5. Event Bus / SSE (frontend/src/lib/eventEmitter.ts)
A singleton Node.js EventEmitter provides in-process event delivery:
const globalForEvents = globalThis as unknown as {
sseEmitter: EventEmitter | undefined;
};
export const sseEmitter = globalForEvents.sseEmitter ?? new EventEmitter();
In production, this should be replaced with Redis Pub/Sub.

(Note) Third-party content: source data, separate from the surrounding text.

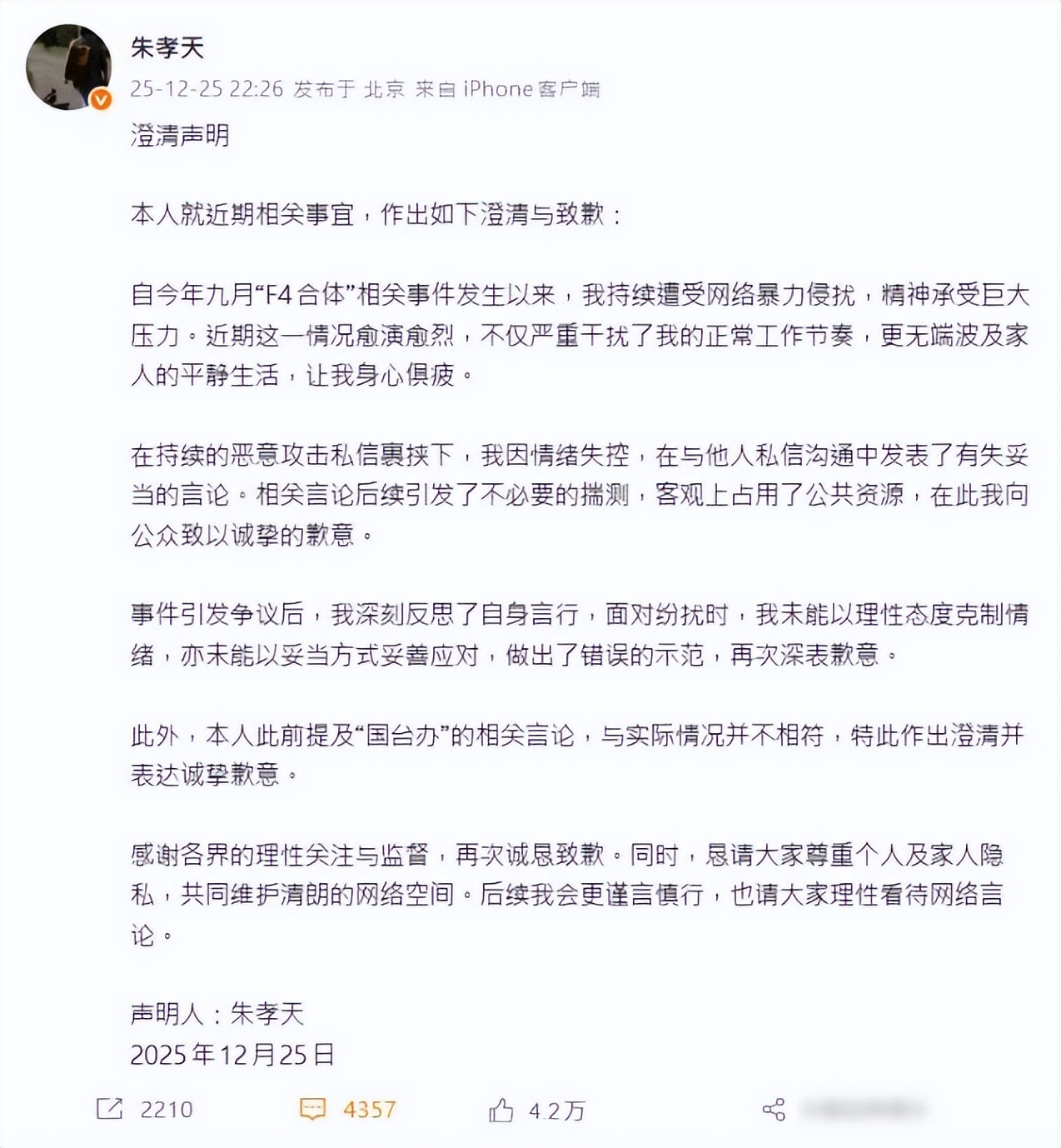 到了25号晚上,朱孝天在微博上道歉,承认自己情绪失控,也说明他并没有真的提到国台办的事情,现在还没有任何官方调查或新规定出来,大麦方面也没有承认和黄牛有联系,事情就这么暂时停下来了,但大家心里的疙瘩还在,下次再出现类似情况,估计还会爆发。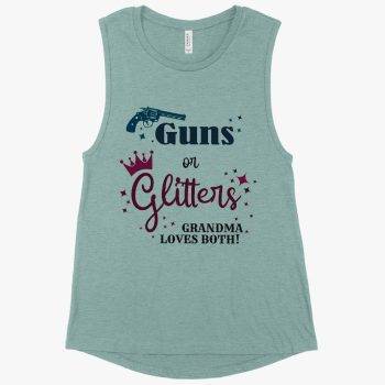 Women’s Muscle Guns or Glitters Grandma Loves Both Tank – Gender Reveal Tanks for Grandparents – Tanks for Grandma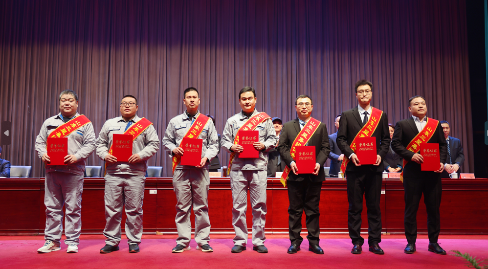 為表彰奮進典型,弘揚實干作風(fēng),集團常務(wù)副總經(jīng)理王明亮宣讀《關(guān)于表彰2023年度先進集體及個人的決定》,對安全生產(chǎn)先進單位、科技創(chuàng)新先進集體、突出貢獻單位、突出貢獻團隊、模范班集體、模范部室及成就獎、突出貢獻獎、優(yōu)秀管理獎、銷售十佳獎、優(yōu)秀黨員、優(yōu)秀員工及優(yōu)秀新員工予以表彰獎勵,重獎2023年在集團科技創(chuàng)新、生產(chǎn)管理、營銷拓展、項目攻堅等領(lǐng)域的27個先進集體和153余名先進個人。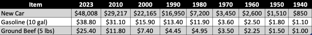 This table tracks the median price of a new car, ten gallons of gas to put in that car, and five pounds of ground beef going back to 1940.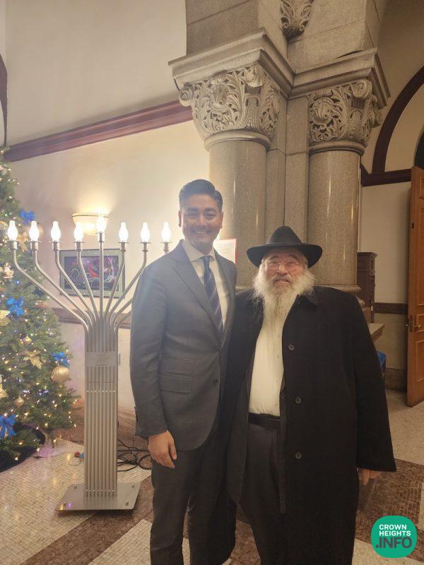 Rabbi Gershon Avtzon, honored the Mayor with lighting the “Public Servant Candle” (shamash) and the Jewish councilman lit the actual candle of the Menorah. The event concluded with everyone enjoying Kosher Chanuka treats and learning about Hakhel and many Menorahs were distributed.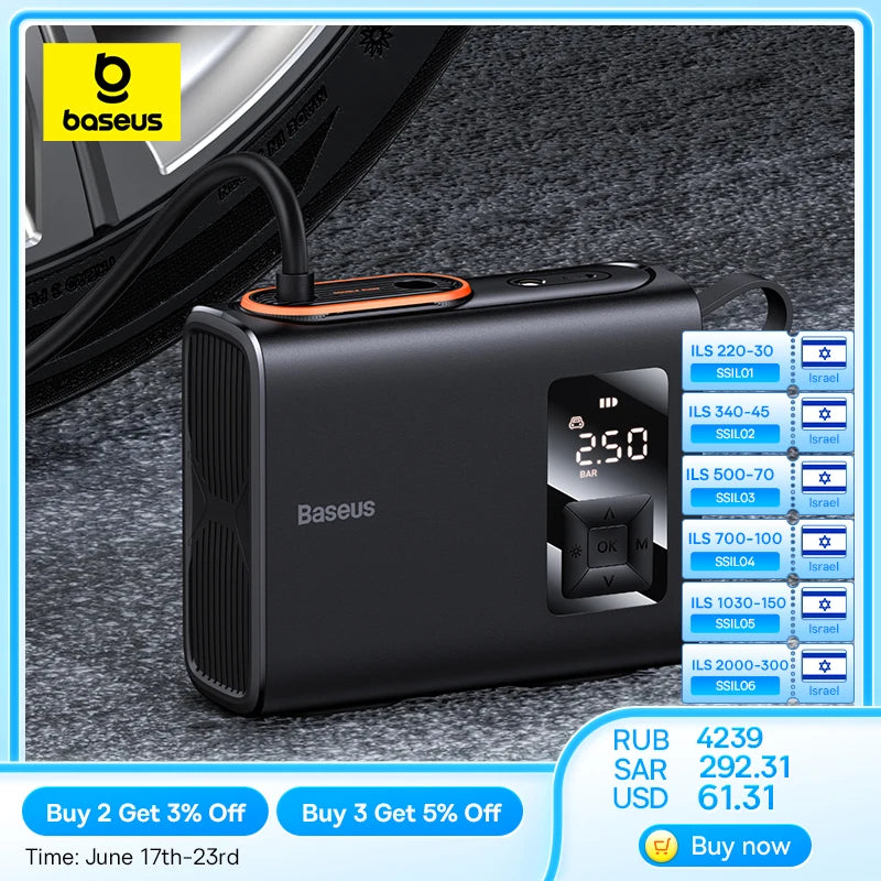 Baseus Tire Inflator Portable Car Air Compressor 250W Dual Cylinder Electric Tire Pump For Car Motorcycle Bicycle Tyre Inflation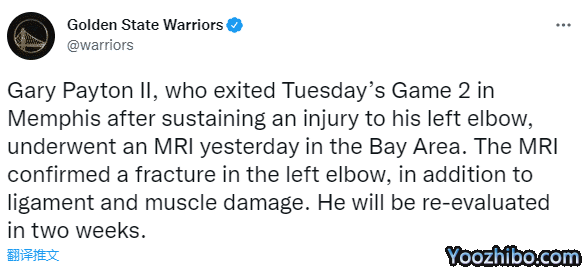 来源:JRS直播05-06 10:54JRS直播05月06日讯 ,勇士官方宣布,小佩顿不仅左手肘骨折,同时出现韧带和肌肉损伤,他将在两周后接受复查,换句话说,小佩顿至少伤停2周,因伤缺席西部半决赛剩余的比赛,而且没有具体复出时间表。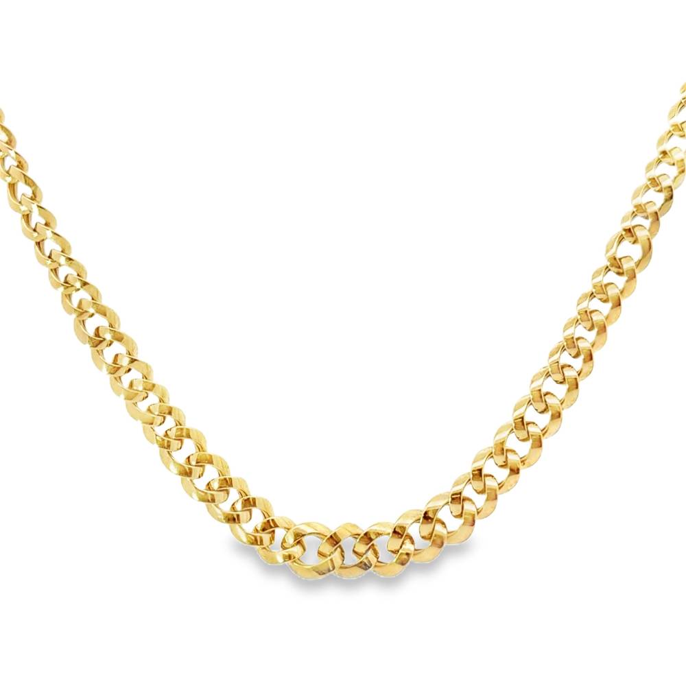 Pre owned 9ct yellow gold graduated curb chain. 45cm length. Total weight 11.28g.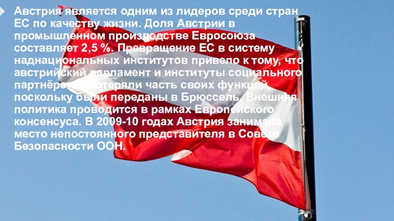 Слайд 11Австрия является одним из лидеров среди стран ЕС по качеству жизни.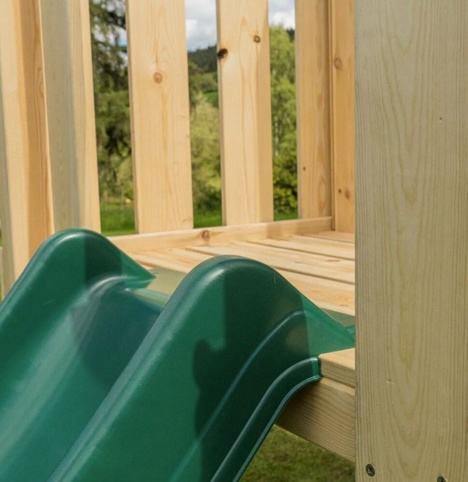 Legetårnet er fremstillet af ubehandlet træ, som kan have naturlige revner. Disse påvirker ikke konstruktionens styrke eller holdbarhed, men det er en naturlig del af materialet. Vi anbefaler, at du behandlet træet – så du undgår skader fra vejr og skadedyr. Denne behandling skal ske, inden det er samlet. Ved levering medfølger alle nødvendige dele, så du hurtigt kan gå i gang. Træet er ikke forboret.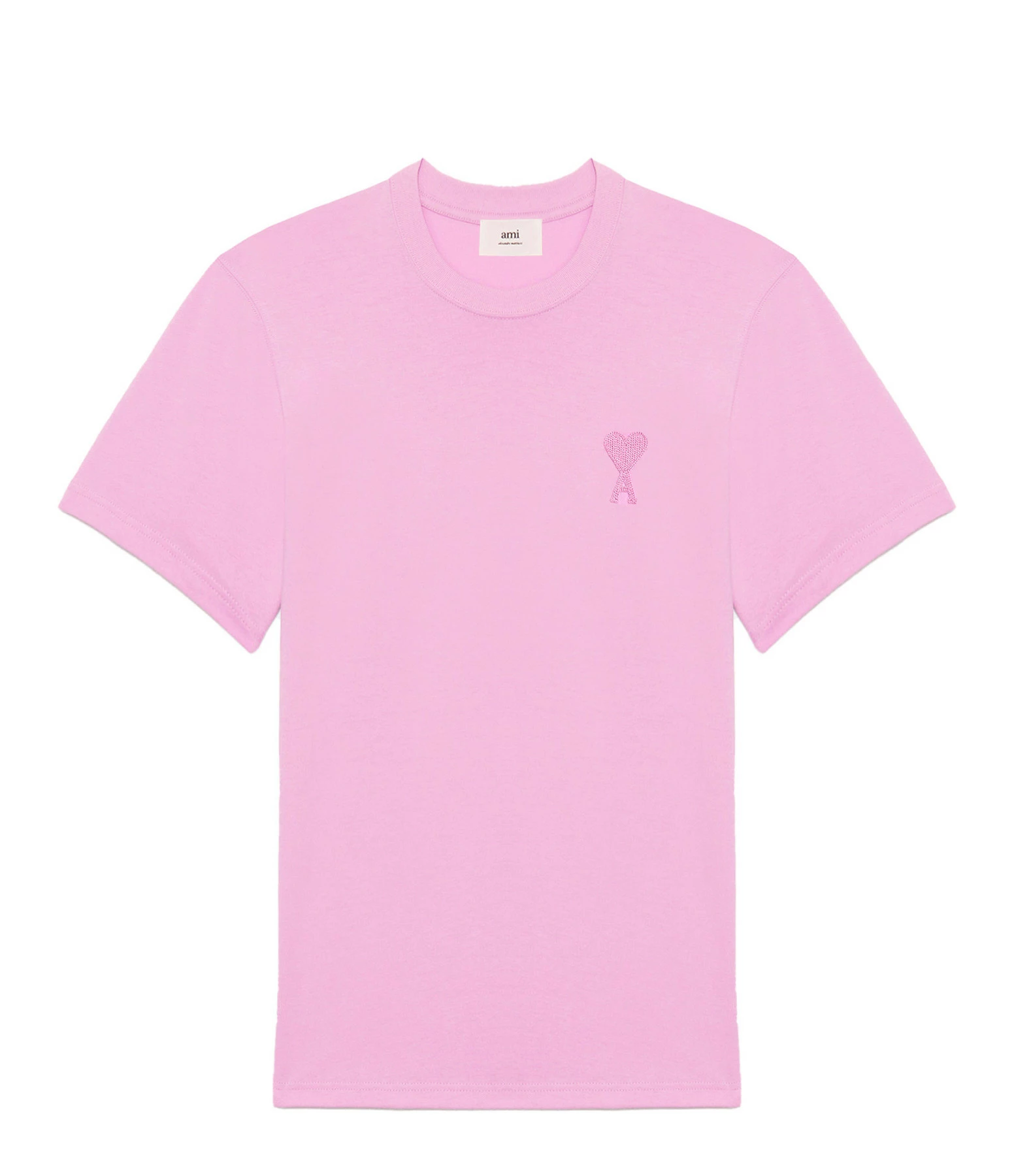 Tee-shirt unisexe en coton rose avec logo ton sur ton “Ami de cœur” brodé sur la poitrine. Col rond côtelé. Manches courtes. Coupe droite. Base droite.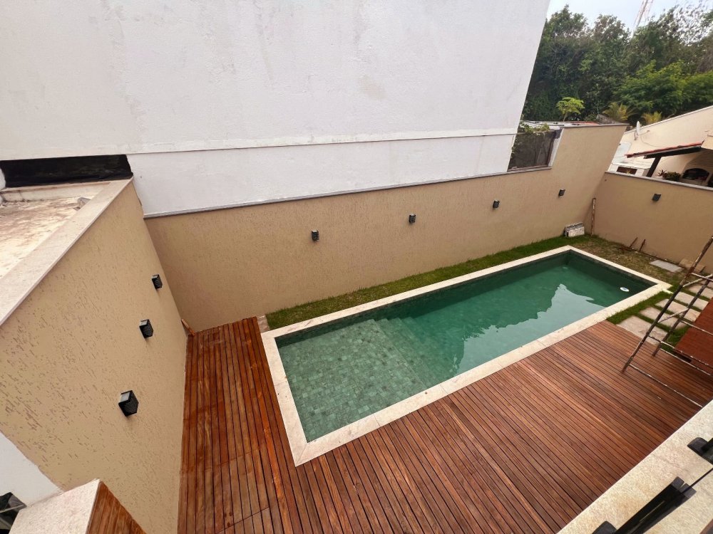 Área Gourmet com piscina com prainha e iluminação, churrasqueira com coifa, deck de madeira, teto todo de lambri, ilha enorme de granito (com armários planejados), chuveirão, gramado pronto para receber um lindo jardim, banheiro externo e acesso independente pela lateral da casa.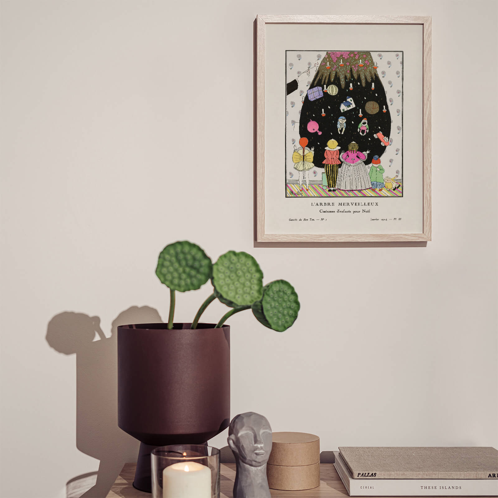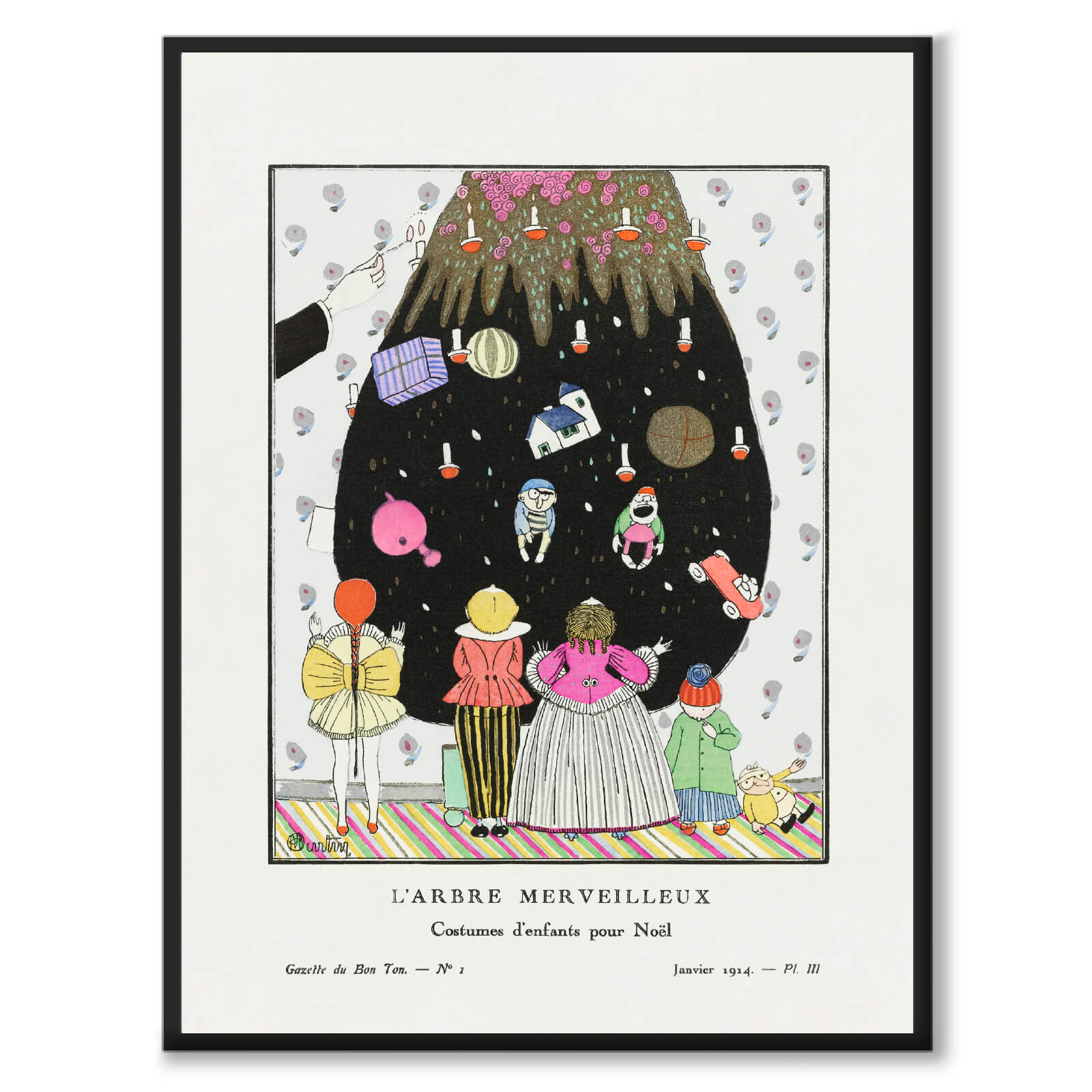 Poster med en modeillustration av Charles Martin från 1914. På illustrationen ser du texten L'Arbre Merveilleux - Costumes d'enfants pour Noël- franska för Det underbara trädet - barnkläder för jul. Motivet visar barn som betraktar en magisk julgran. Det hänger flera, olika leksaker i julgranen och barnen är klädda i vackra festkläder.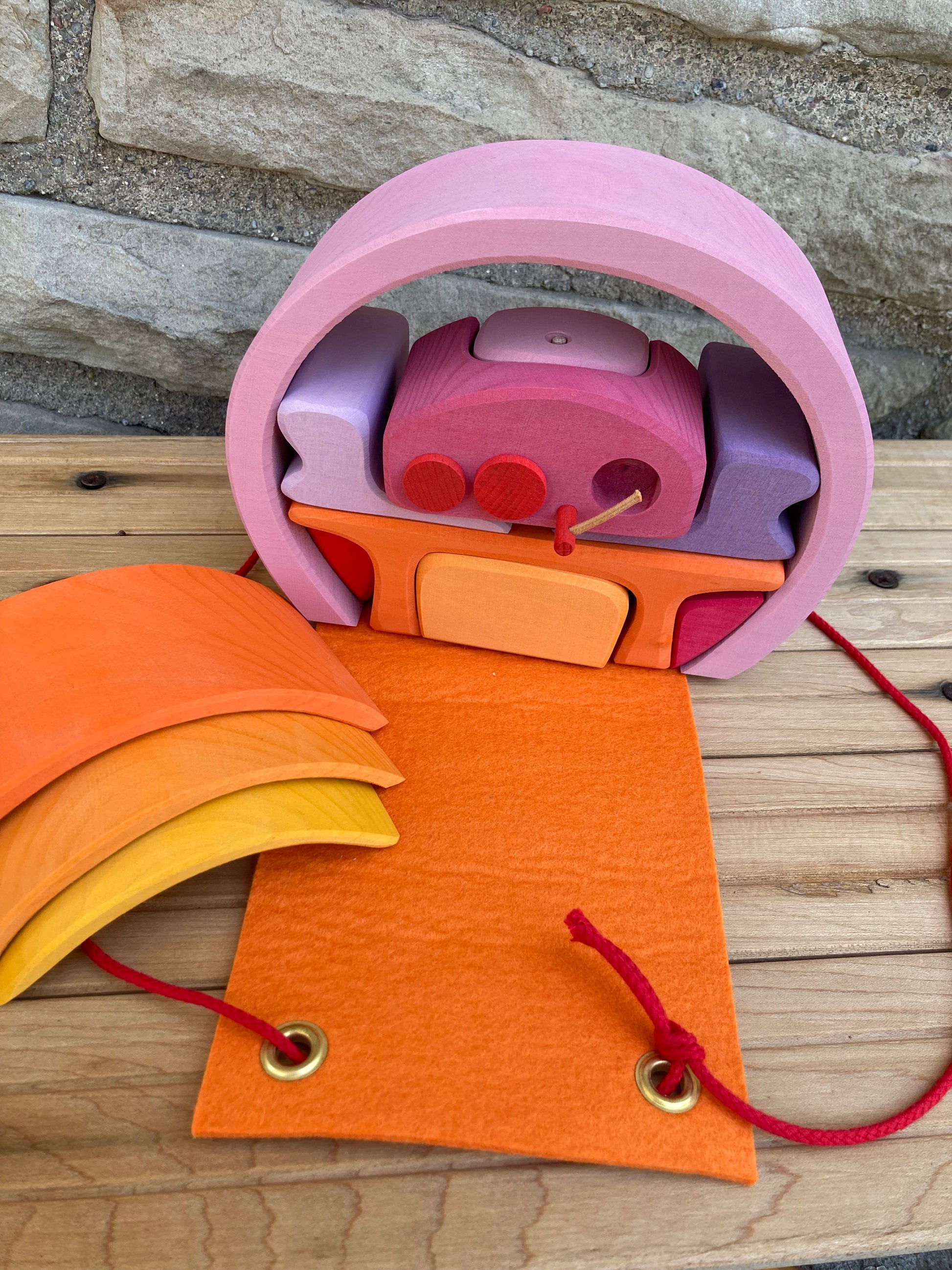 Issue de l'atelier de menuiserie de Grimm, cette astucieuse MAISON DE POUPÉE MOBILE. Une maison de poupée TOUT-EN-UN entièrement en bois de 14 pièces, avec une sangle de transport en feutre de laine, qui sert également de tapis d'aire de jeu pour l'installation de la maison de poupée. Toutes les pièces en bois sont très intelligemment réassemblées comme un puzzle en bois cool !

The code already has Upstash Redis integration for telemetry persistence (frontend/src/lib/telemetry.ts):
if (hasRedisEnv()) {
await redisCommand(['LPUSH', telemetryKey, JSON.stringify(payload)]);
await redisCommand(['LTRIM', telemetryKey, 0, maxTelemetryEvents - 1]);
}
6. GenLayer Consensus Client (frontend/src/lib/genlayerConsensus.ts)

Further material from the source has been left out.